** Opening Dataset extract block **
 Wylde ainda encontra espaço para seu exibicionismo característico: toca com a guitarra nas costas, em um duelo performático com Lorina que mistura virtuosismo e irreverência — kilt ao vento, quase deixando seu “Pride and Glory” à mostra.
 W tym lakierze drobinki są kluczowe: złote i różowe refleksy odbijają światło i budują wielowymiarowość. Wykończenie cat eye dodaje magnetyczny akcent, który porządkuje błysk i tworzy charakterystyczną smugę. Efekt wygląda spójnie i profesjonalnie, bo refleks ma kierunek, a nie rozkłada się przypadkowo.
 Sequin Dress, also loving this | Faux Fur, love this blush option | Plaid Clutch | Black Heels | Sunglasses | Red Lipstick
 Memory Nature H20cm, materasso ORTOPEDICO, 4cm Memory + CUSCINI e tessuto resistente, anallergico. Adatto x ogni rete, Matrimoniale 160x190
** Closing Dataset extract block **
** Opening Dataset extract block **
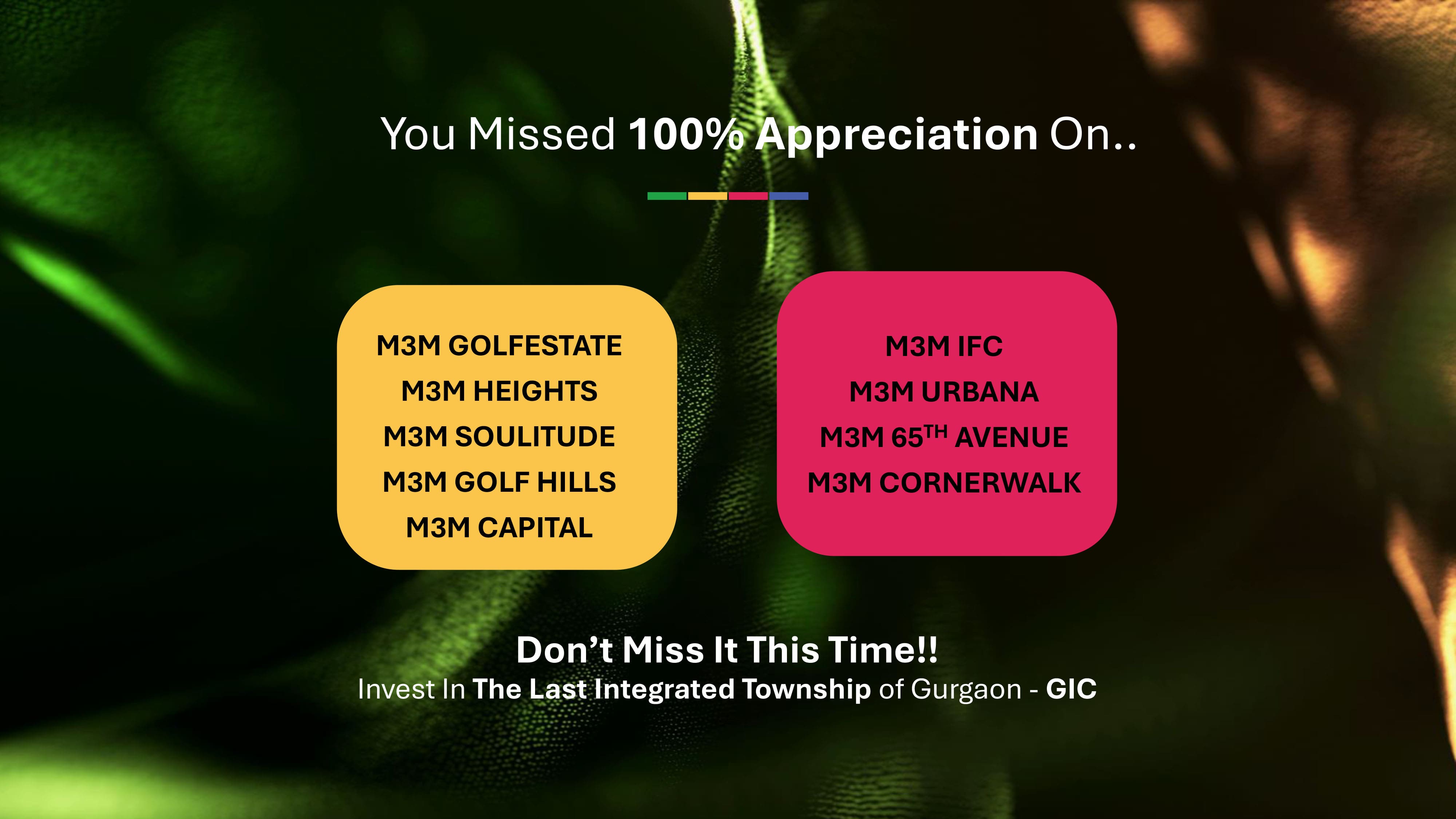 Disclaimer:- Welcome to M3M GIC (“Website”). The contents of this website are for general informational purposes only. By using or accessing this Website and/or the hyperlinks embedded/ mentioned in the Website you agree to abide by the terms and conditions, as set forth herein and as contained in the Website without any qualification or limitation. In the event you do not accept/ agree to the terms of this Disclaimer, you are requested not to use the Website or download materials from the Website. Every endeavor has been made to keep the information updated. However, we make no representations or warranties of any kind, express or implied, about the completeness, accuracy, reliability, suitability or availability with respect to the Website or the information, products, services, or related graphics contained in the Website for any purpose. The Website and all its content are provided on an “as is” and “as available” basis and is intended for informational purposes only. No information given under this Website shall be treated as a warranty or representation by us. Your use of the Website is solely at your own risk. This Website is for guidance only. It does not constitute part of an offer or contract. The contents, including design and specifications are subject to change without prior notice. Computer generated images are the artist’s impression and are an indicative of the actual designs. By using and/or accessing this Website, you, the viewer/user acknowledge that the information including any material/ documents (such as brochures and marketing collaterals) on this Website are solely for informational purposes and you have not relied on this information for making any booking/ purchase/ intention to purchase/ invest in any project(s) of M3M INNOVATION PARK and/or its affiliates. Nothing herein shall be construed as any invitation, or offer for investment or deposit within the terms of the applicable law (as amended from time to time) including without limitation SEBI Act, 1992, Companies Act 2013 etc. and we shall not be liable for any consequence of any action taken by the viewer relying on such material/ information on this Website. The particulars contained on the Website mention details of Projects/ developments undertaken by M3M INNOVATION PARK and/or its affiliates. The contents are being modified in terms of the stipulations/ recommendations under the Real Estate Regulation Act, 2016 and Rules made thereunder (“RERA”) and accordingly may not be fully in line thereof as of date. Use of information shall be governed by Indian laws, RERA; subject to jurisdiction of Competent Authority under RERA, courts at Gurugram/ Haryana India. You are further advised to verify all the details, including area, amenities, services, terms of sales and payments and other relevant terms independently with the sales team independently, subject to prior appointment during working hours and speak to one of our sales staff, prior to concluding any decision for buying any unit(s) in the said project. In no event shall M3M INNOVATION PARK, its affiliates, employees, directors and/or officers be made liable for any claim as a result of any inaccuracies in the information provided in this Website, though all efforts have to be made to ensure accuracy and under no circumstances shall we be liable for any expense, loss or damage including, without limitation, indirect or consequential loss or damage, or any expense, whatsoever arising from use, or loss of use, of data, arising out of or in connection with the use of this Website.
** Closing Dataset extract block **
** Opening Dataset extract block **
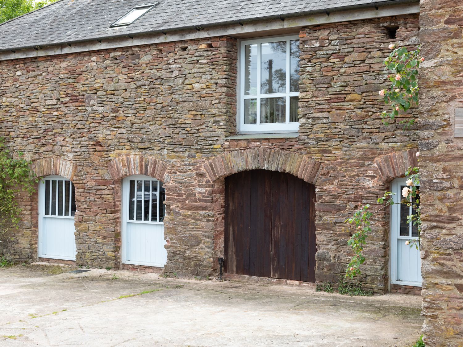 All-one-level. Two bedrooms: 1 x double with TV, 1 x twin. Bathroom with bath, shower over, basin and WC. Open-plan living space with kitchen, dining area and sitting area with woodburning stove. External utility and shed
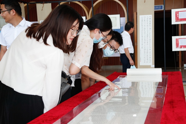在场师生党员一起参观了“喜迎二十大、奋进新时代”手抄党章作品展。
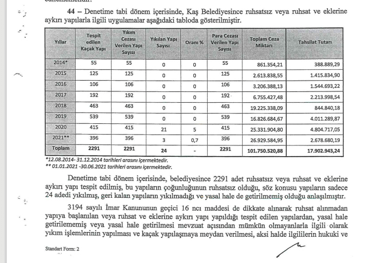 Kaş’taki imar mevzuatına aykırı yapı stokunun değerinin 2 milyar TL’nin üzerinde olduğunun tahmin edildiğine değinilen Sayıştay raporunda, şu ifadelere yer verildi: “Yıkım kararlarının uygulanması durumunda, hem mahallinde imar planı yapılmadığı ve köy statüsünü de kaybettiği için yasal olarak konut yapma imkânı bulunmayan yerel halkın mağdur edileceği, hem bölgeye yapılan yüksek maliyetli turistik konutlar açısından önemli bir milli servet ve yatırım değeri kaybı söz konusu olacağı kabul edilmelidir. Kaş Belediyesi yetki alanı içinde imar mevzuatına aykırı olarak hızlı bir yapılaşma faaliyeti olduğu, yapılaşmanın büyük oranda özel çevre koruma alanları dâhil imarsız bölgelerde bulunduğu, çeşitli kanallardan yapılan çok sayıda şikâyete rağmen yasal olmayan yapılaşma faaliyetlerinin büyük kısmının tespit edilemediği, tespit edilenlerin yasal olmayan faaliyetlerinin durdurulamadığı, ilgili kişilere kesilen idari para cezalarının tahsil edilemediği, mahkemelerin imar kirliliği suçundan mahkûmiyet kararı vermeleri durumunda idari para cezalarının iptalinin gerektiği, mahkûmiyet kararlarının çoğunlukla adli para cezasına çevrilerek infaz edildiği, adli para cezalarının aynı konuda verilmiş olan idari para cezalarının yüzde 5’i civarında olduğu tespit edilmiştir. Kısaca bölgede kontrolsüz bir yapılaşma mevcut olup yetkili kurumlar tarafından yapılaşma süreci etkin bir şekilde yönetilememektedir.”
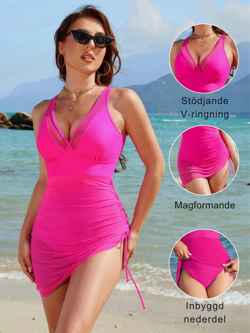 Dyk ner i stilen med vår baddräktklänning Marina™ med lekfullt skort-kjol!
** Closing Dataset extract block **
→ About this exercise:
The expected answer is an exact copy of the lines above, beginning at the line with "Sequin Dress, also" and ending at the line with "Memory Nature H20cm, materasso", with both ends in.

→ Written answer:
 Sequin Dress, also loving this | Faux Fur, love this blush option | Plaid Clutch | Black Heels | Sunglasses | Red Lipstick
 Memory Nature H20cm, materasso ORTOPEDICO, 4cm Memory + CUSCINI e tessuto resistente, anallergico. Adatto x ogni rete, Matrimoniale 160x190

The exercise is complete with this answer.